**WHAT TO DO**
From the line with "дождём, таймер, 13" through the line with "W dniu dzisiejszym", inclusive, return each line of the data below exactly and leave the rest out.

**PROVIDED DATA**
************
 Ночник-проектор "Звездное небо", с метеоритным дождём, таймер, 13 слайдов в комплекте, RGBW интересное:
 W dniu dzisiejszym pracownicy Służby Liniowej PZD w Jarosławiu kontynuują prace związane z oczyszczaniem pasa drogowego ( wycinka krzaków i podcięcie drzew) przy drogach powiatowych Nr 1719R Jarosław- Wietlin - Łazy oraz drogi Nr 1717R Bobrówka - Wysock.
************
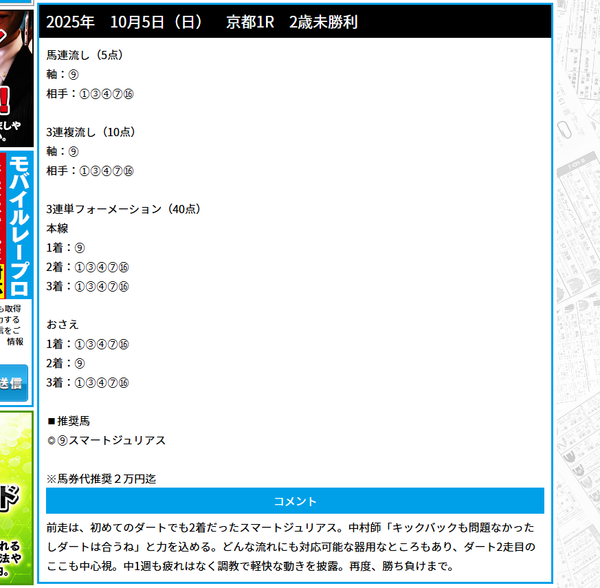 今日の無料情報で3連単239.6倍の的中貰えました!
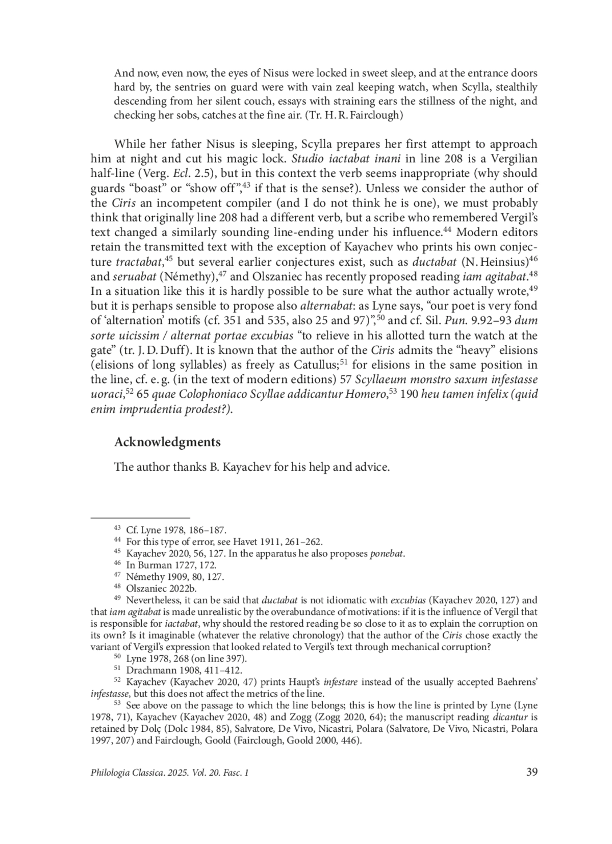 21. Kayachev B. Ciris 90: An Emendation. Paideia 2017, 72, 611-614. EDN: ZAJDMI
************
**SOLUTION BELOW**
 Ночник-проектор "Звездное небо", с метеоритным дождём, таймер, 13 слайдов в комплекте, RGBW интересное:
 W dniu dzisiejszym pracownicy Służby Liniowej PZD w Jarosławiu kontynuują prace związane z oczyszczaniem pasa drogowego ( wycinka krzaków i podcięcie drzew) przy drogach powiatowych Nr 1719R Jarosław- Wietlin - Łazy oraz drogi Nr 1717R Bobrówka - Wysock.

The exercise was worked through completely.